In general, mollusks have 3 body regions: a head, a visceral mass, and a "foot." The head contains the sense organs and "brain," while the visceral mass contains the internal organs. The "foot" is the muscular lower part of the body, which is in contact with the substrate. Mollusks usually have a shell (although some do not). Mollusks also have an extension of the body wall called the mantle. This portion of the animal's anatomy is responsible for secreting the shell. The mantle encloses the mantle cavity, which contains the Ctenidia (gills), anus and excretory pores.
Many mollusks have a radula, a tongue of sorts, which is rough like sandpaper and is used to rasp away at food. The radula is made of a hard material called chitin, the same material of which Arthropod exoskeletons are made. In addition, some Mollusk radulae are impregnated with magnetite to give them superior wear characteristics. Mollusks have well developed body organs (nervous system, circulatory system, respiratory system, etc.) but lack body segmentation.
There are seven classes of Mollusks: Monoplacophora, Polyplacophora, Aplacophora, Gastropoda, Scaphapoda, Bivalvia and Cephalopoda. Of these, Monoplacophora, Aplacophora and Scaphapoda are rare and/or extremely deep-water creatures, and will not be discussed.
The Class Gastropoda
The class Gastropoda (meaning "stomach-foot") contains about 70% of the Molluscan species (around 35,000). These are the familiar snails, limpets, nudibranchs and abalones. The snails, limpets and abalones have a shell while the slugs and nudibranchs do not. There are a small number of lands Gastropods such as some snails, slugs, etc.
The conch (pronounced "konk") is a big snail. There are two eyes on stalks peeking out from under the shell. The points on the shell protect it from other animals. This conch weighs more than a pound!

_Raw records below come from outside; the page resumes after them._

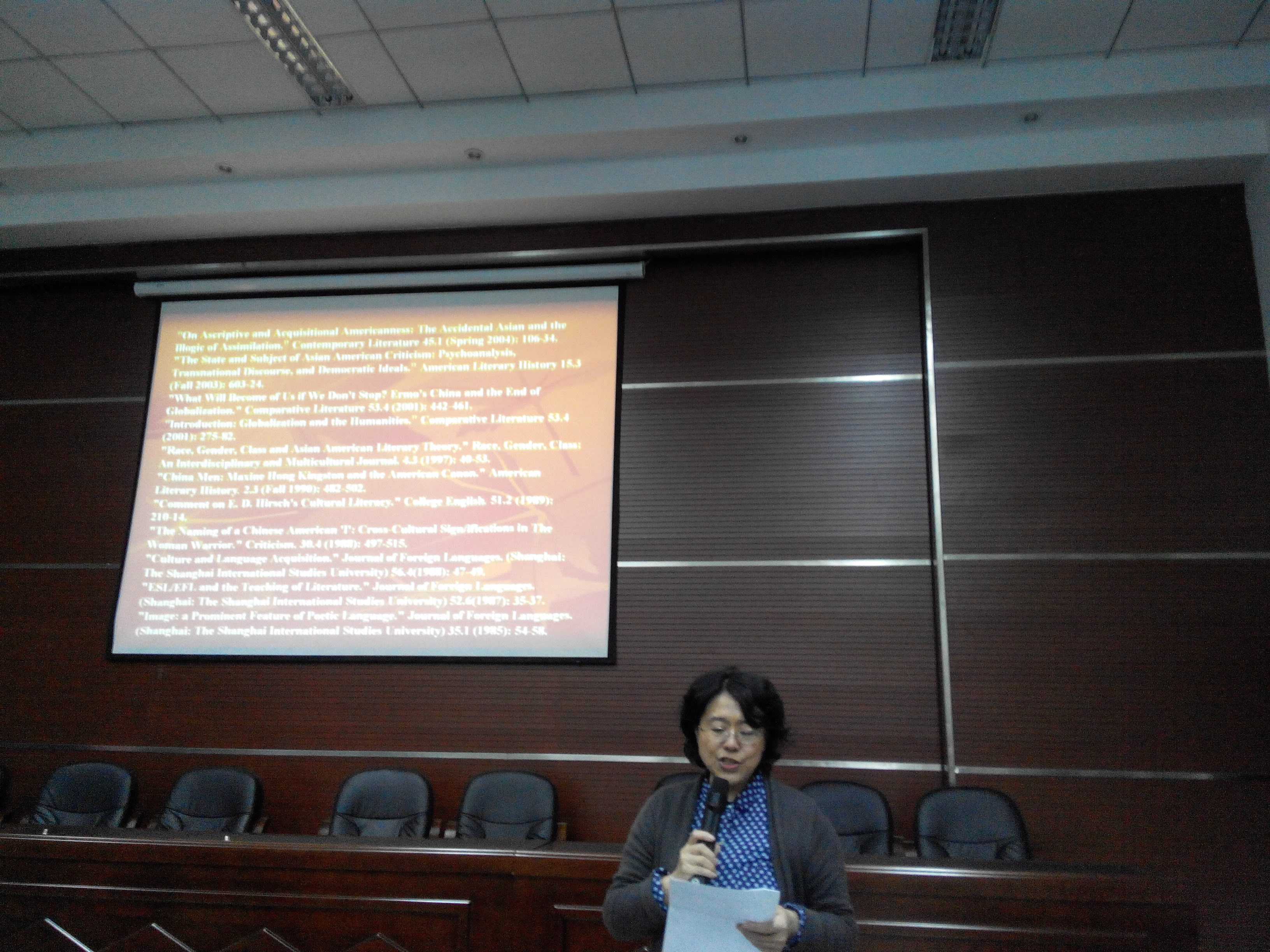 讲座首先由潘红院长为到场教师及学生们介绍李教授。据悉,David Leiwei Li (李磊伟)博士为美国俄勒冈大学英语系教授。主要研究亚裔美国文学研究、跨文化交际、电影叙事和文化等。因其学术成就,李教授应邀在德国、英国、加拿大、意大利等国大学作各类学术讲座。简单介绍过后,李教授一开讲便开门见山,直接步入今天的讲座主题——谈电影《饮食男女》。李教授从李安的“家庭”三部曲系列电影入手,很好地吸引了观众们的注意力,并从电影中的翻译以及情节为依据,步步深入、逐层分析,为观众们讲解了中美两国之间的家庭以及恋爱文化的差异。一小时后,教授的电影文化分享结束后开始了自由提问。在场的教师和学生们积极提问,李教授都不乏幽默地一一解答,赢得了在座师生的热烈掌声。最后,潘红院长为李教授颁发了受聘证书,并对李磊伟教授的到来表示诚挚的感谢和热烈的欢迎。9时许,讲座在掌声中顺利落幕。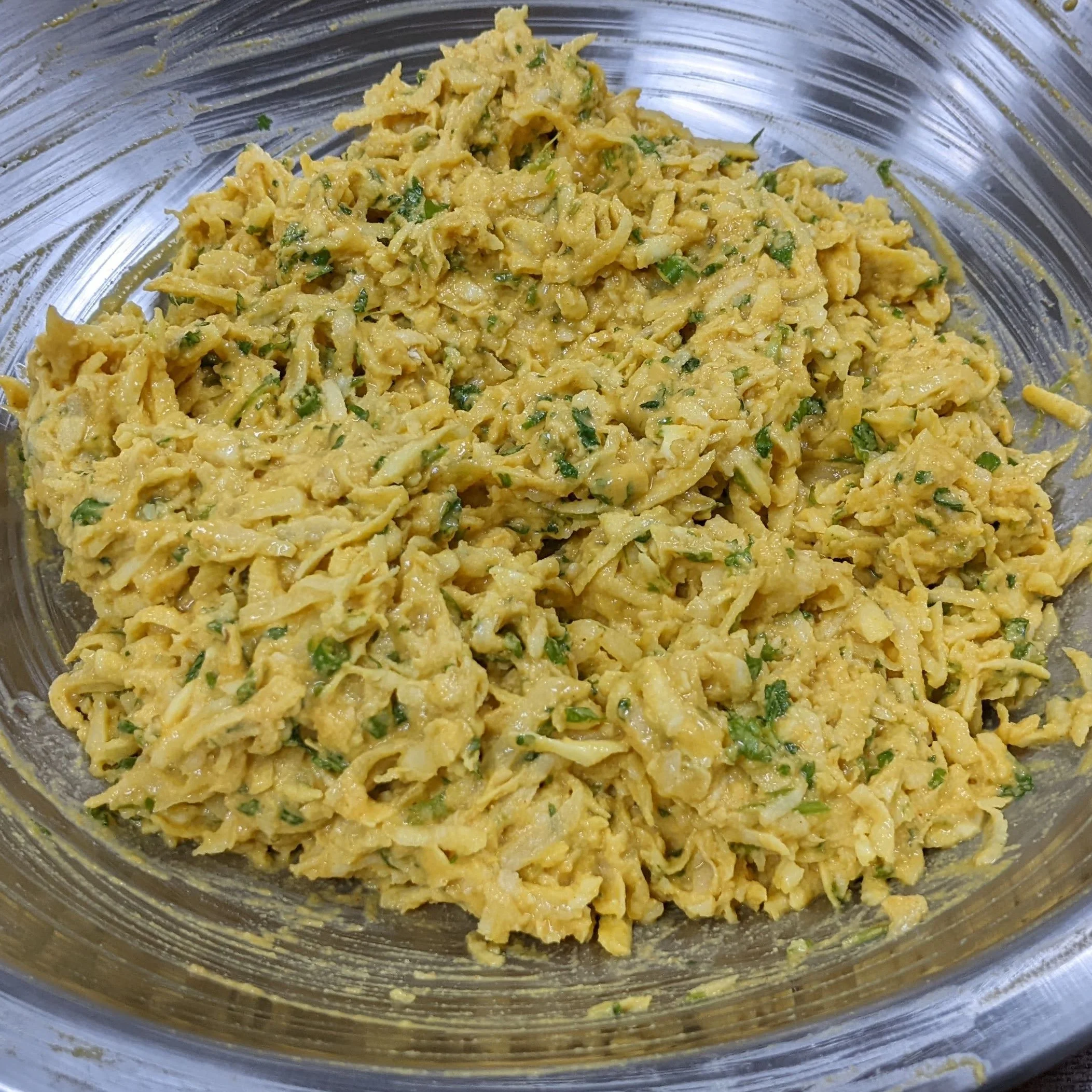 In a bowl add the squeezed sweet potatoes and potatoes and mix the turmeric , chilli powder, salt, chopped green chillies, coriander leaves and lemon juice in it. Add the gram flour and bind them all together . The mixture should not be too watery or too stiff.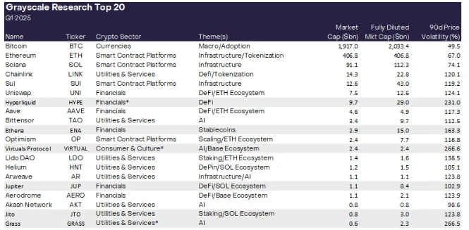 灰度2025年Q1严选:20个具有高增长潜力的代币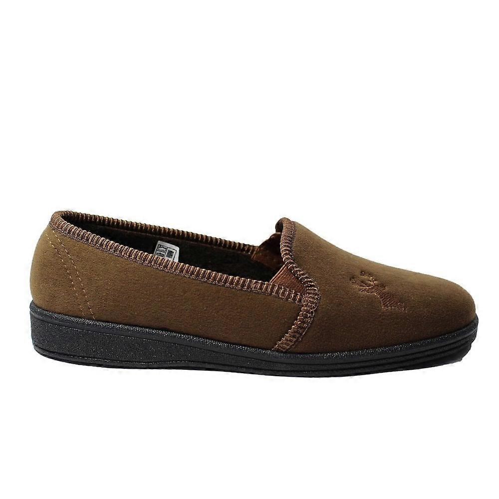 Step into comfort with the Mirak Stag Slippers — a stylish choice for relaxed evenings and cosy mornings. Crafted from soft microfibre fleece and detailed with a striking embroidered stag design, these slippers feel as good as they look. The lightweight, flexible rubber sole makes them ideal for everyday wear and lasting comfort.Uppers: Textile Linings: Textile Insoles: Textile Fastenings: Slip On Soles: Rubber Heel Height: 30 mm Made in Spain Width: Standard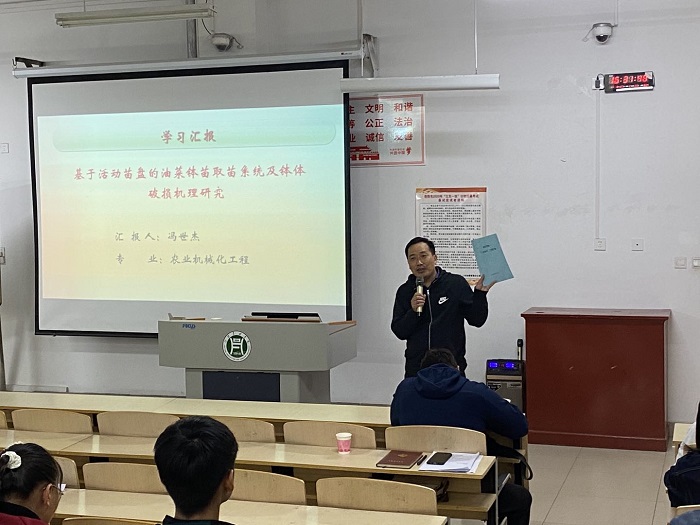 10月13日下午4点半,园艺学院师生在二教304教室举行新学期博雅讲堂第二期,园艺学院博士冯世杰为大家作了“基于活动苗盘的油菜钵苗取苗系统及钵体基质破损机理研究”的研究报告。学院党总支书记张祖成、院长龚守富、部分教师和学生参与了这次讲堂。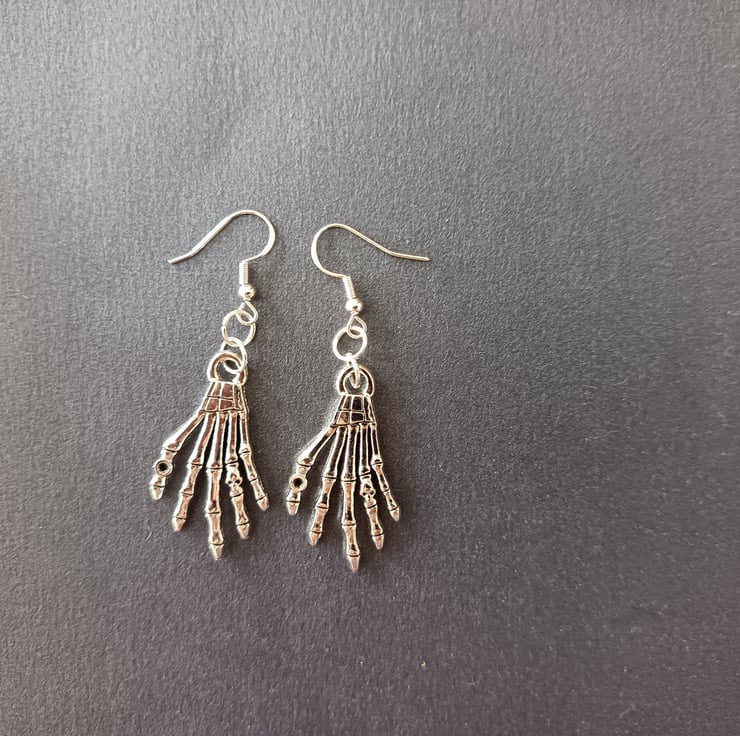 These handmade earrings are crafted using sterling silver skeleton hand charms and stainless steel hooks. Gothic, spooky, alternative style
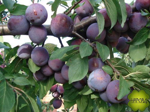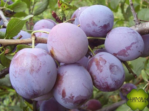 Плоды у этого сорта – крупные темно-фиолетовые шарики почти не сплюснутые с боков, около 4,5 см в диаметре, покрытые светлым восковым налетом. Мякоть у слив буро-желтая, тусклая, истекающая соком. Вкус у сливы очень приятный — сладкий, но не приторный, с лёгкой кислинкой.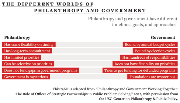 Despite the rise and success of public-private partnerships across all levels of government, they are not suited to every government problem. For example, certain functions, like providing basic social benefits, education, or public safety, should remain the responsibility of government. Additionally, commingling relatively small amounts of philanthropic capital—which, when invested alongside government programs, can be more flexible in purpose and more quickly deployed—with greater amounts of public dollars does not optimize the use of private funding. Instead, partnerships are best suited for leveraging less restrictive private-sector resources as risk capital to design and test new approaches that can then be quickly scaled by the government.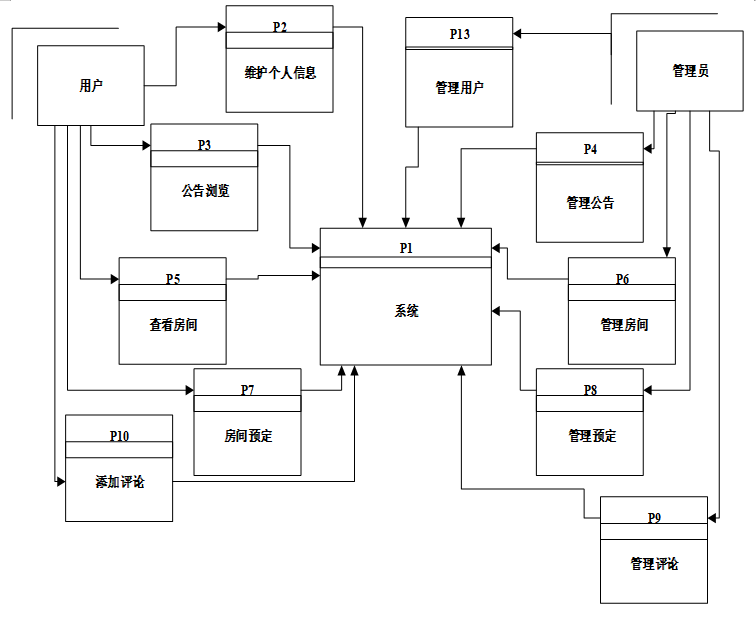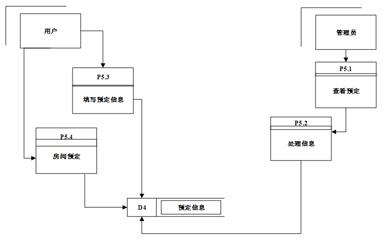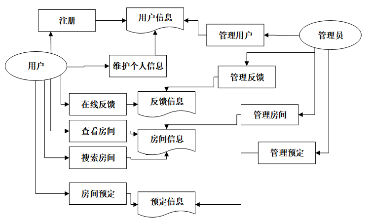 经过对系统功能的分析,调查,研究,总结出酒店预订系统主要实现的是对反馈信息、用户信息等管理功能。这样,可以对该系统绘制业务流程图。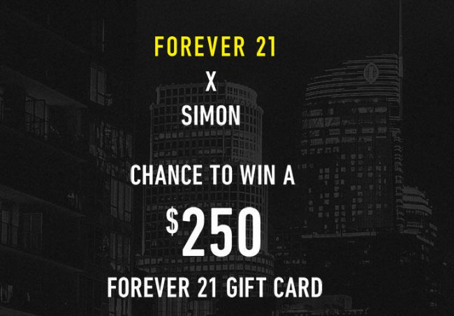 FOREVER 21 & Simon Sweepstakes - Win 1 of 5 $250 FOREVER 21 Gift Cards - Simon Management Associates II, LLC

This is a nudibranch, basically a snail without a shell. The word "nudibranch" means naked gill. The tuft of yellow on the right side is the animal's gill cluster. Nobody is sure why some nudibranchs are so brightly colored. Some believe that the coloration is aposematic, meaning that it tells other animals
"Danger! I don't taste good!"
The Class Polyplacophora
Members of the class Polyplacophora (meaning "many-plated") are more commonly called the chitons (pronounced Kie-tuns). These creatures have eight plates and outwardly resemble the "pill-bugs" which are common under logs and rocks in the forest (they are not related, however). Chitons crawl along rocks and forage for food (mostly algae) using their radula to scrape it off of the substrate. Magnetite is used for hardening the teeth of the radula in chitons, so they can scrape coralline algae off of rocks. These teeth are so hard that they can etch glass!
These creatures are extremely slow moving. In a year, a chiton may not move more than ten feet. They can detect the presence of light with primitive eyes embedded in the shell plates.
A chiton is stuck to a rock. It may not look like much, but getting it off the rock is nearly impossible!
The Class Bivalvia
The bivalves (meaning "two-shells") are perhaps the most well known mollusks simply because of their history as a source of food. Clams, mussels, oysters and scallops are all bivalves. There are about 15,000 known species of bivalve, with about 80% of them being marine (the rest are found in fresh water).
The bivalve may either burrow through the bottom, or attach itself to the substrate with glue-like strings called "byssal threads." Some scallops do not attach themselves because they prefer to be able to swim away with a squirt of water forced from the mantle.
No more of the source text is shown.